• **Exercise brief**
I need the lines from the one containing "9ct White Gold" through the last line of the entries retyped exactly, with no pictures among them.

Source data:
━━━━

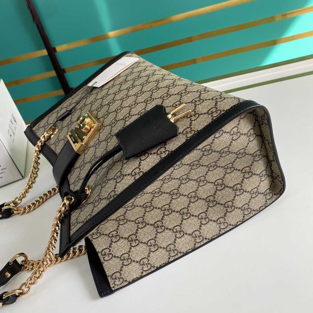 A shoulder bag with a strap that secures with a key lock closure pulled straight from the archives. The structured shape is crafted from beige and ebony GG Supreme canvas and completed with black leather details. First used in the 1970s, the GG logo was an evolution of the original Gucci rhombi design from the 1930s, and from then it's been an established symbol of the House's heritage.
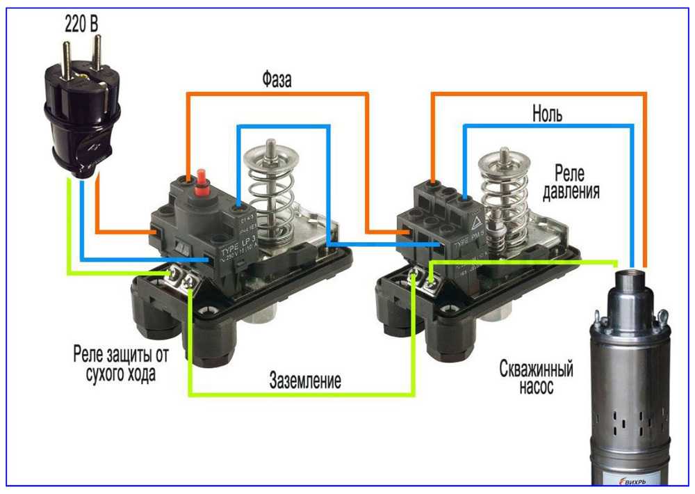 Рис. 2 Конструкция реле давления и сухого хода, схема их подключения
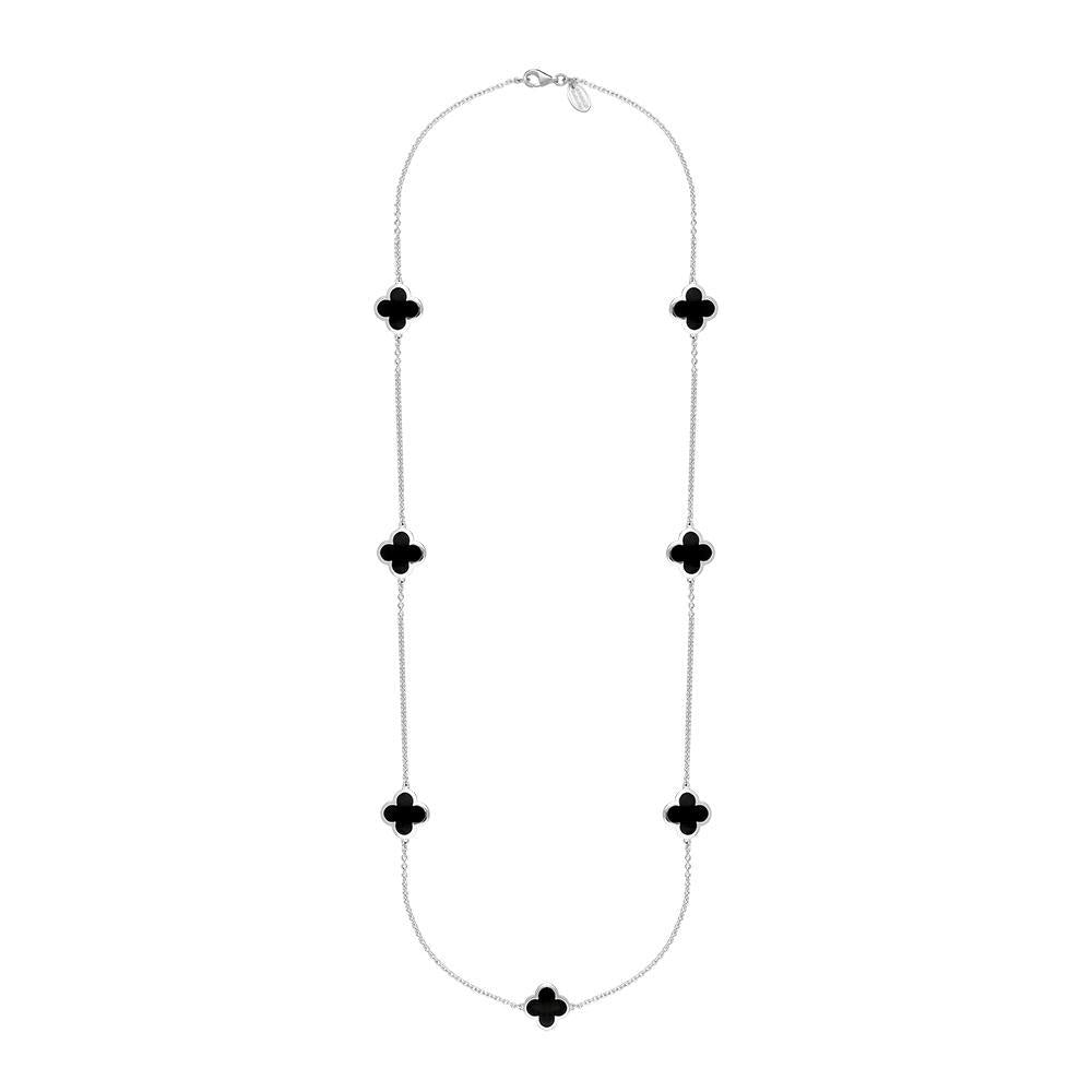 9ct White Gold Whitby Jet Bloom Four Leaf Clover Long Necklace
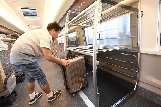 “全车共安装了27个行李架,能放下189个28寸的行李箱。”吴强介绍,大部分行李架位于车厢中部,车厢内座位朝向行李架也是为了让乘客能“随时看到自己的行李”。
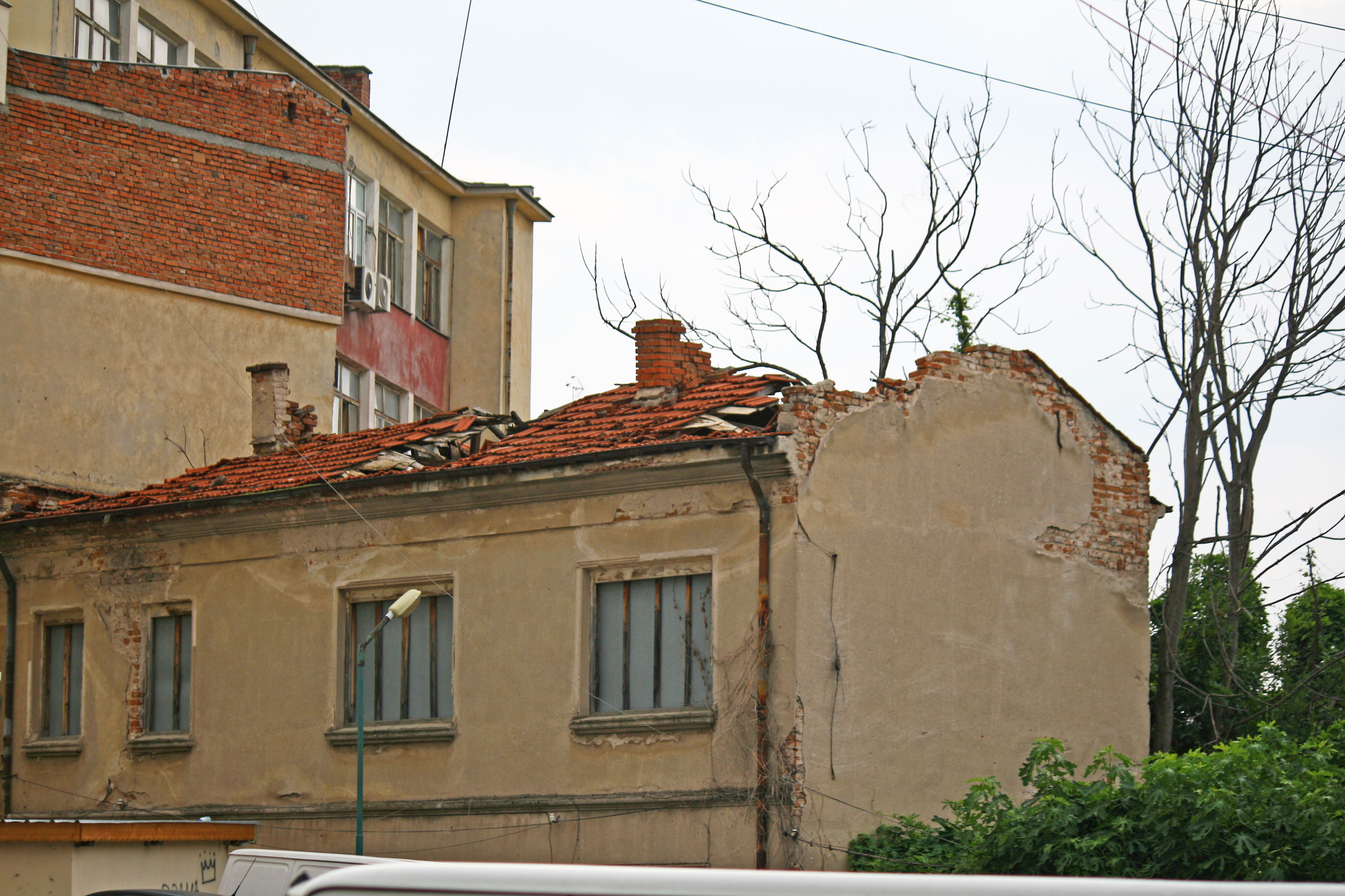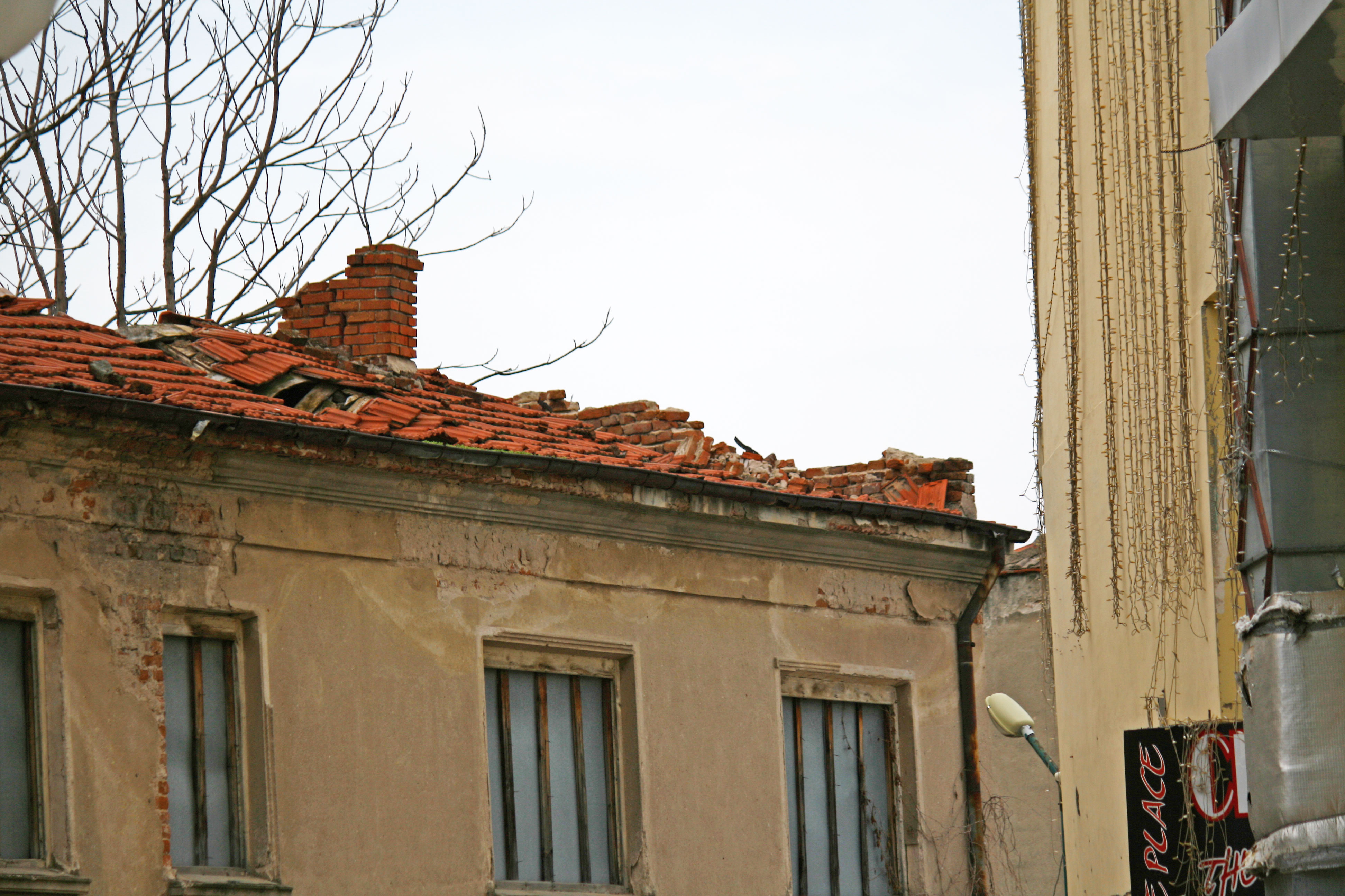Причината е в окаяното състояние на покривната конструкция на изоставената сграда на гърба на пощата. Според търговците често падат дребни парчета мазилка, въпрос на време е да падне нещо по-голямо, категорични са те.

━━━━

• **Reply to the task**
 9ct White Gold Whitby Jet Bloom Four Leaf Clover Long Necklace
 “全车共安装了27个行李架,能放下189个28寸的行李箱。”吴强介绍,大部分行李架位于车厢中部,车厢内座位朝向行李架也是为了让乘客能“随时看到自己的行李”。
Причината е в окаяното състояние на покривната конструкция на изоставената сграда на гърба на пощата. Според търговците често падат дребни парчета мазилка, въпрос на време е да падне нещо по-голямо, категорични са те.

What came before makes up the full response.